We expect to introduce a proactive notification(event callback) mechanism.
For example, a hook can be introduced after a successful commit. External
processors interested in the commit, such as scheduling systems, can use
the hook as their own trigger. When a certain commit is completed, the
scheduling system can pull up the task of obtaining incremental data
through the API in the callback. Thereby completing the processing of
incremental data.

There is currently a `postCommit` method in Hudi's client module, and the
existing implementation is mainly used for compression and cleanup after
commit. And the triggering time is a little early. Not after everything is
processed, we found that it may still cause the rollback of the commit due
to the exception.
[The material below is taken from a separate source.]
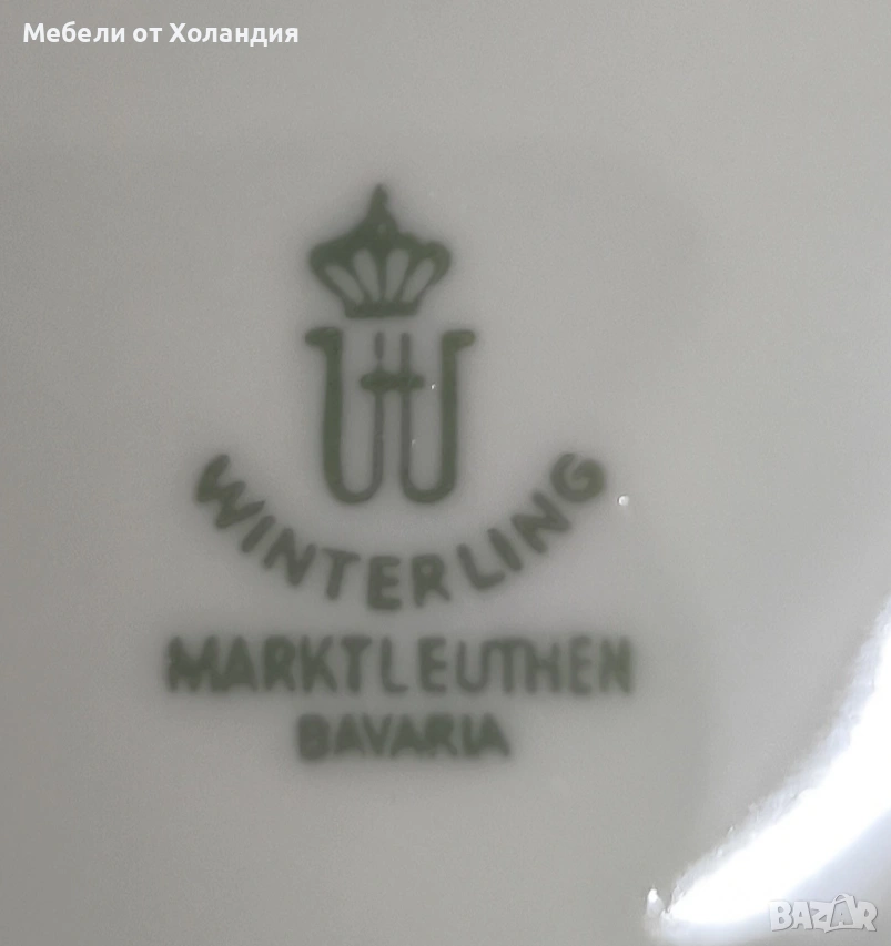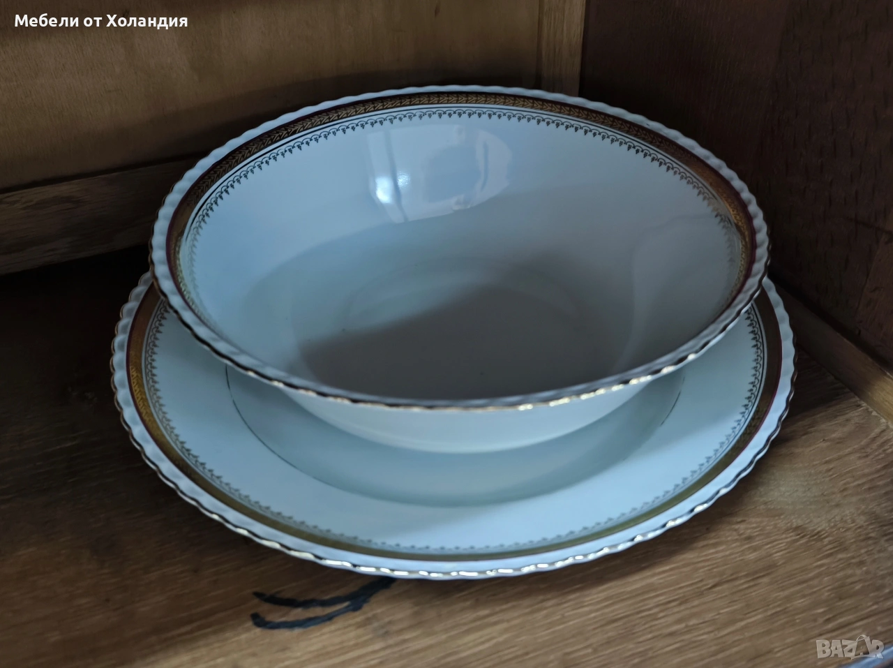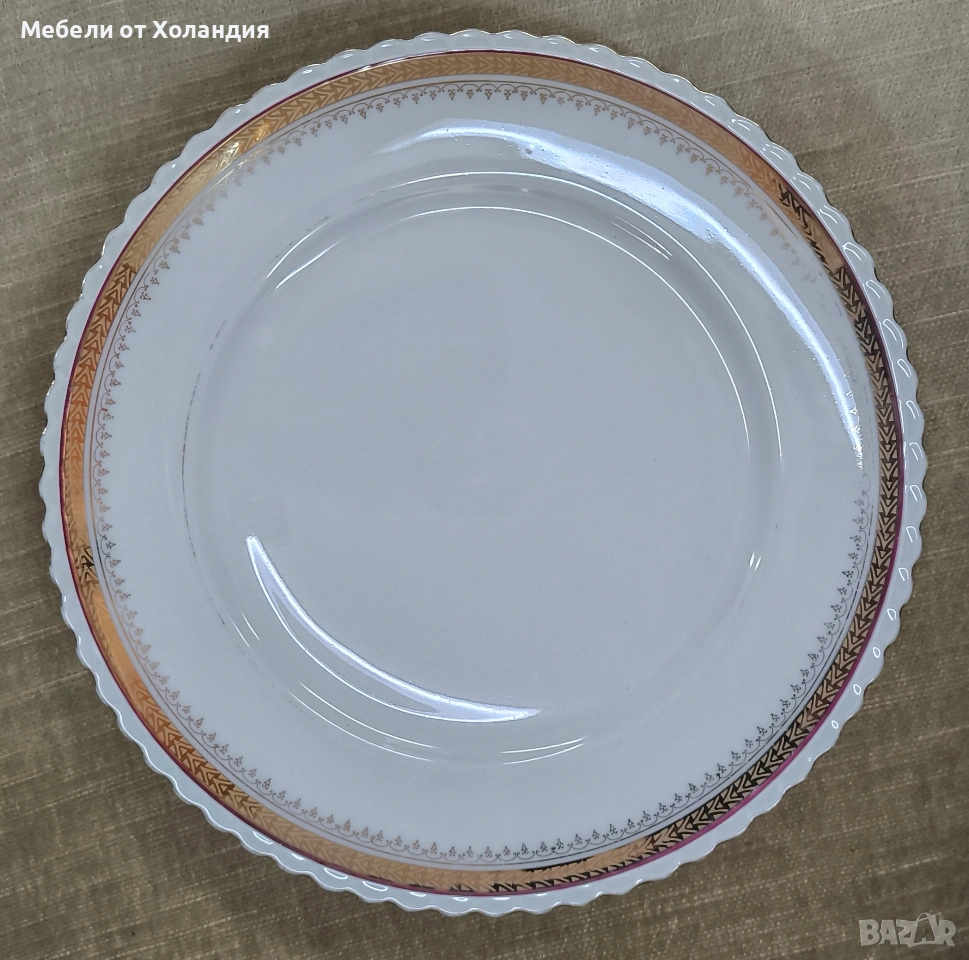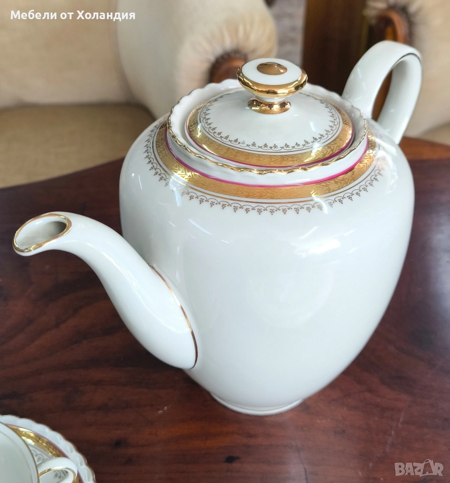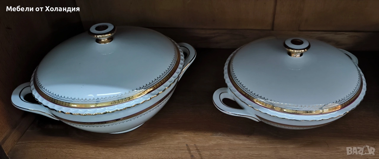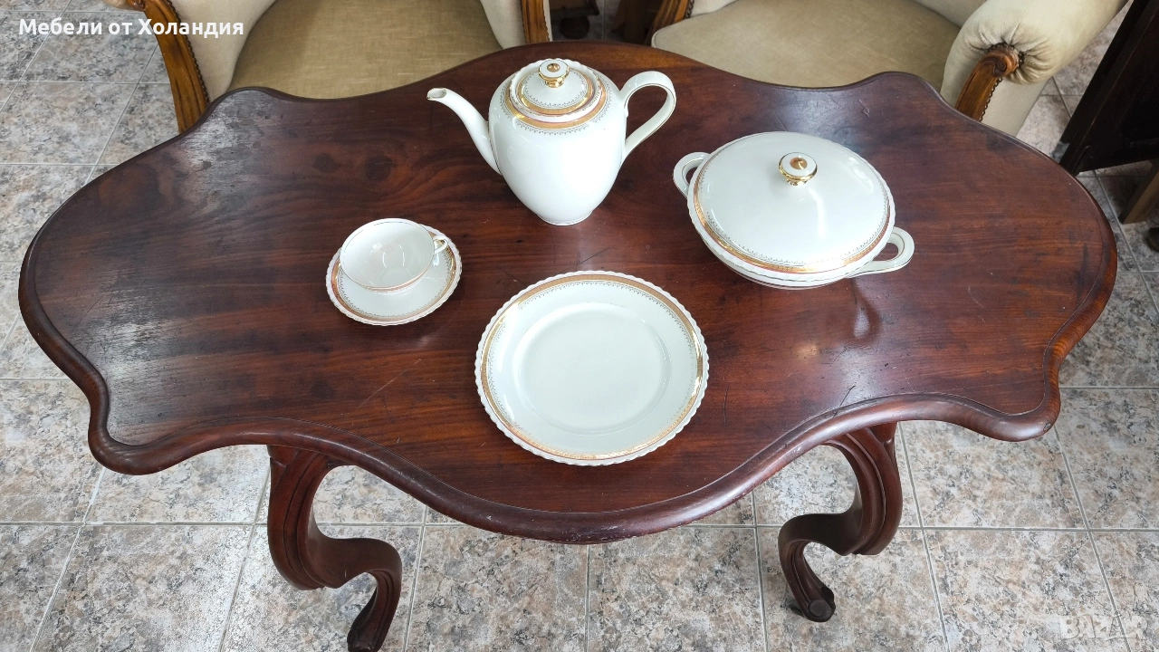Пълен порцеланов сервиз за 12 души. 12 супени чинии; 12 чинии за основно; 12 десертни чинии; Супник и по-малък съд с капак за сврвиране; сосиера; 2 бр. плата; купа за салата; 12 бр. чашки с чинийки за кафе/чай; захарница; латиера; Чайник. Всичко 73 части. Без чипове.

We need to find a new location to trigger this hook to
ensure that the commit is deterministic.

This is one of our scene requirements, and it will be a very useful feature
combined with the incremental query, it can make the incremental processing
more timely.

We hope to hear what the community thinks of this proposal. Any comments
and opinions are appreciated.

Best,
Vino
  

Re: [DISCUSS] Introduce a write committed callback hook

Posted by Vinoth Chandar <vi...@apache.org>.
FWIW we built this out at Uber, at the ingest tool level (i.e
deltastreamer) and used it to notify the workflow scheduler to trigger
pipelines by data availability, and not by time.. So if we can do some
Airflow integration, that would be awesome (probably not in the scope of
this work may be).

Not sure if Nick is still actively following this list. This is a feature
he has brought up time and again as well.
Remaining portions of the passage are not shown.